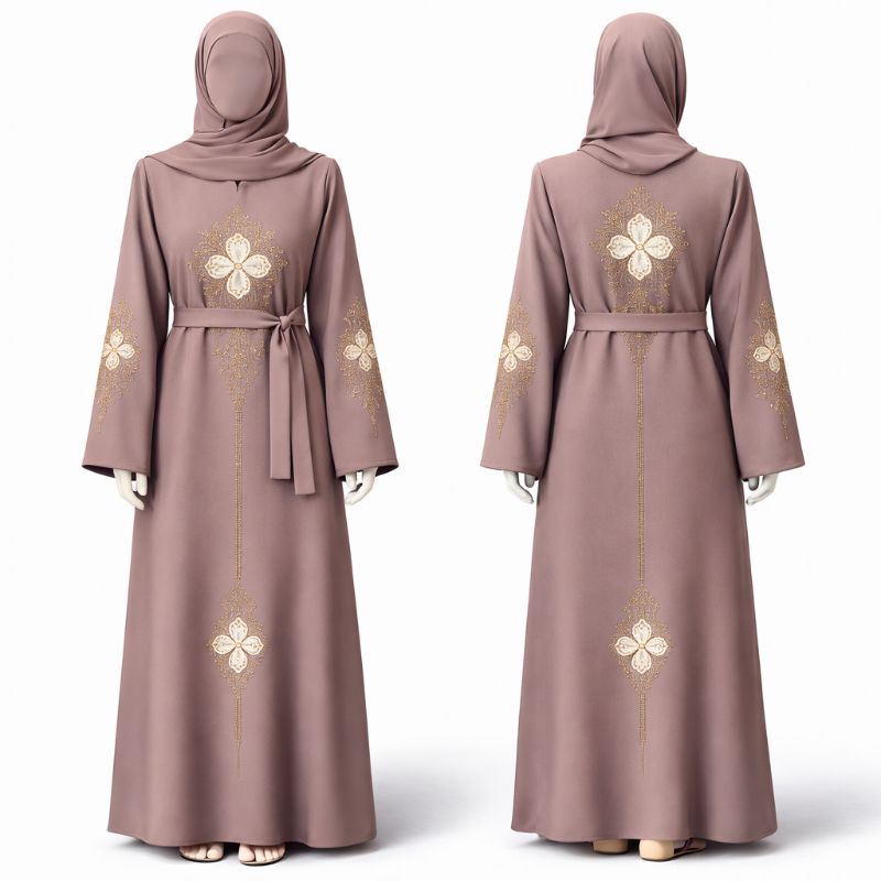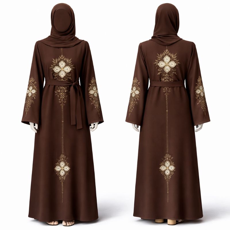 A premium single abaya crafted from soft Nidha fabric, featuring elegant embroidery on both front and back for a refined, modest look
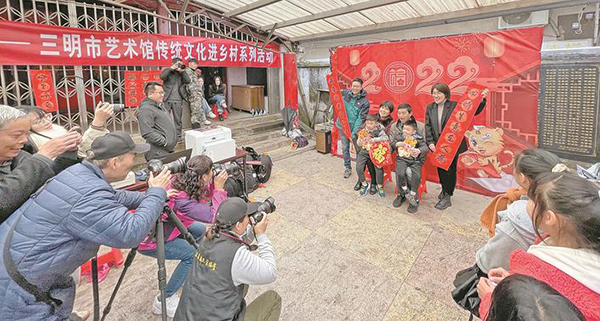 連日來,全市各地紛紛開展送“福”進萬家等“大愛三明”系列活動。1月22日,市藝術館、三元區文聯、三元攝影家協會等聯合到三元區莘口鎮開展文化下鄉活動,書法家義務書寫贈送“福”字和春聯、攝影家免費給市民拍攝全家福并贈送放大照片。
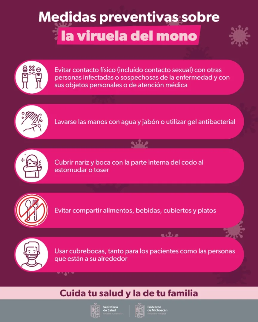 Hasta el momento, Michoacán se mantiene libre de casos de viruela símica; sin embargo, la SSM mantiene vigilancia epidemiológica en todo el estado y refuerza las medidas sanitarias básicas que también protegen contra Covid-19.
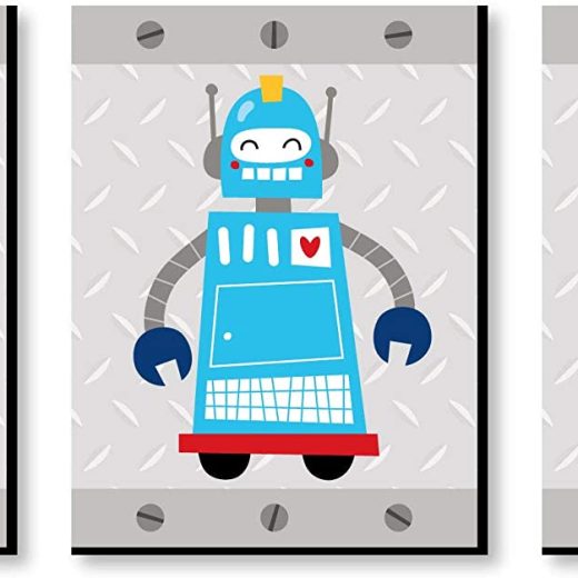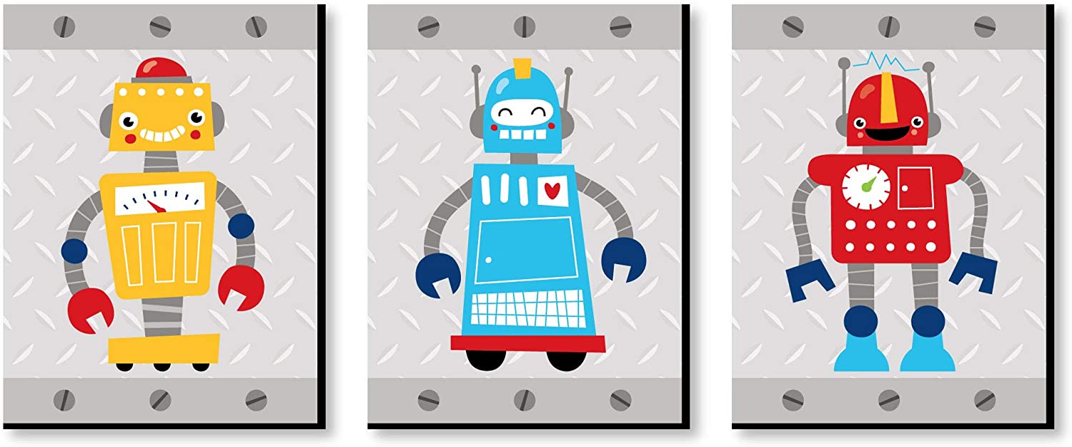 Big Dot of Happiness Gear Up Robots – Nursery Wall Art and Kids Room Decor – 7.5 x 10 inches – Set of 3 Prints
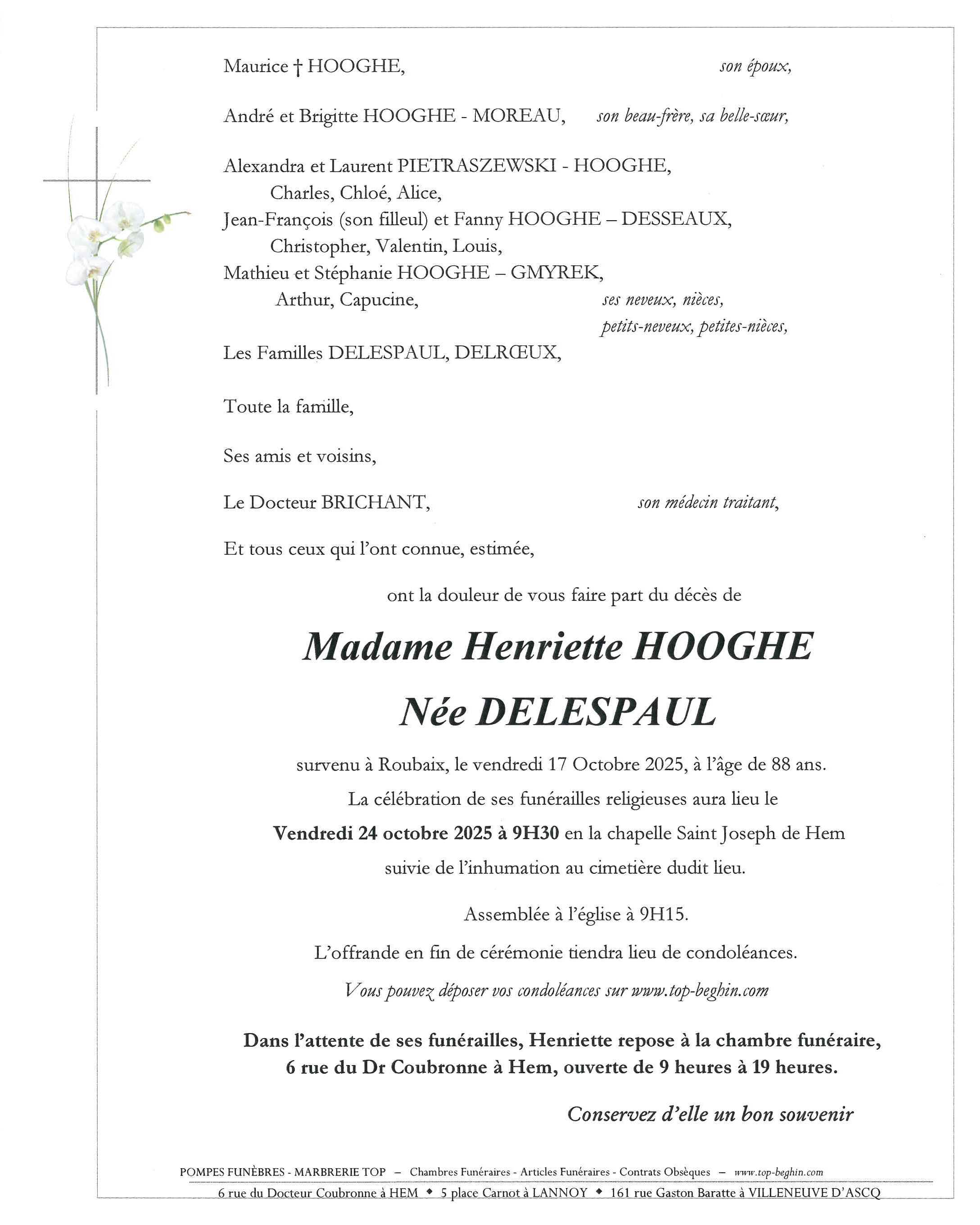 Avis de décès de Madame Henriette HOOGHE née DELESPAUL
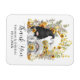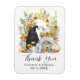 Obrigado de casamento personalizado, o seu imã favorece os seus hóspedes, apresentando uma noiva e um gnomo de noiva e uma ilustração de arco floral de girassol. Edite o modelo com uma data e os nomes dos recém-casados.
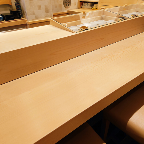 無垢の木曽檜の一枚板を用いたカウンターは、木の温もりもほのかな香りも楽しめる贅沢な空間となっております
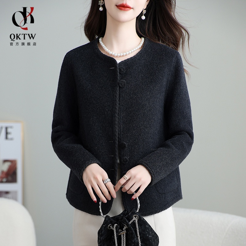 毛呢大衣女2025新款秋冬季中老年小香风双面绒外套短款显瘦妈妈装
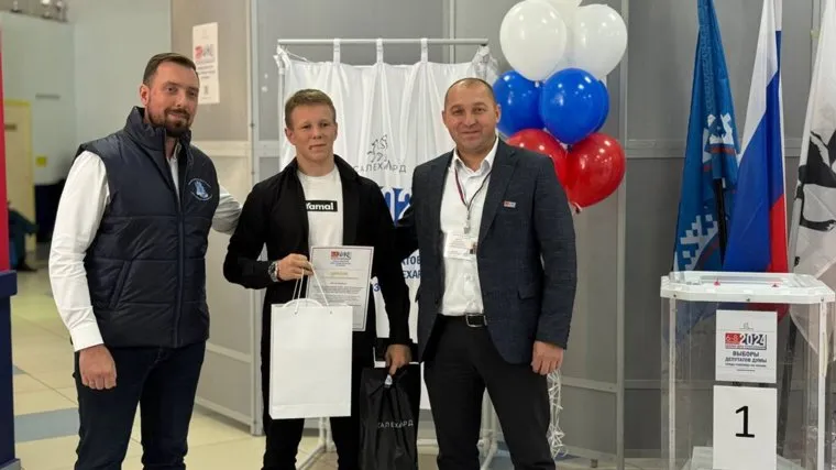 В Муравленко впервые голосующих избирателей тоже встречают в торжественной обстановке. Общественный помощник УПЧ в городе Марина Елисеева поздравила молодого избирателя, отметив важность его голоса.
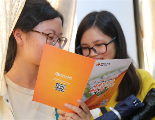 招聘會上,通威太陽能(成都)有限公司中干團隊就公司規模、生產運營情況、工作生活環境、職業發展通道等向同學們進行了詳細介紹,將通威太陽能(合肥、成都)有限公司生動形象地展現在同學們面前。在答疑互動環節,同學們爭先舉手提問,現場氣氛熱烈。隨后的現場筆試中,同學們根據應聘崗位,分別進行了綜合筆試與專業筆試,筆試后共收到答題卷300余份,巡回招聘會首站圓滿成功。
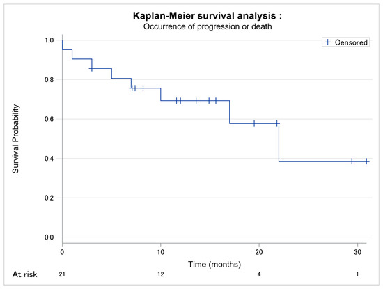 Kaplan–Meier survival analysis of occurrence of progression or death among the 21 patients. No missing data.
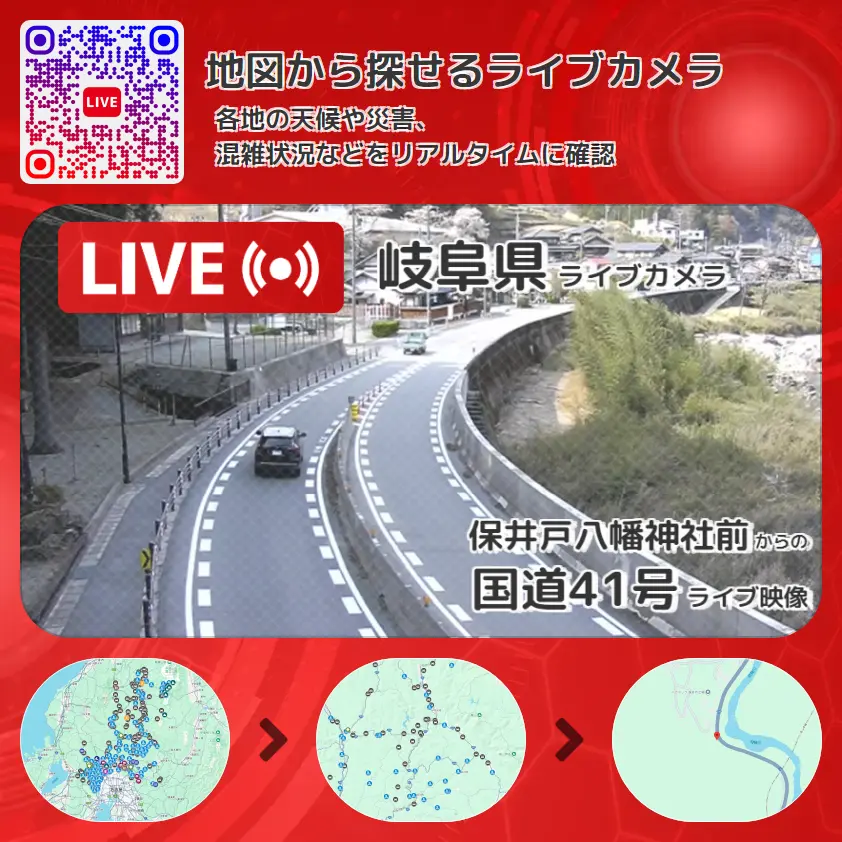 国道41号(益田街道)の他に、飛騨川や周辺の気象状況も併せてチェックすることが可能で、台風・大雨・地震などの災害による被害状況も把握することができます。

══════════════════════════════

### PROBLEM TO WORK ON
Take only the line containing "Kaplan–Meier survival analysis" and every line after it to the end of the entries, and copy them exactly, pictures excluded.

### ANSWER FOR THE TASK
 Kaplan–Meier survival analysis of occurrence of progression or death among the 21 patients. No missing data.
 国道41号(益田街道)の他に、飛騨川や周辺の気象状況も併せてチェックすることが可能で、台風・大雨・地震などの災害による被害状況も把握することができます。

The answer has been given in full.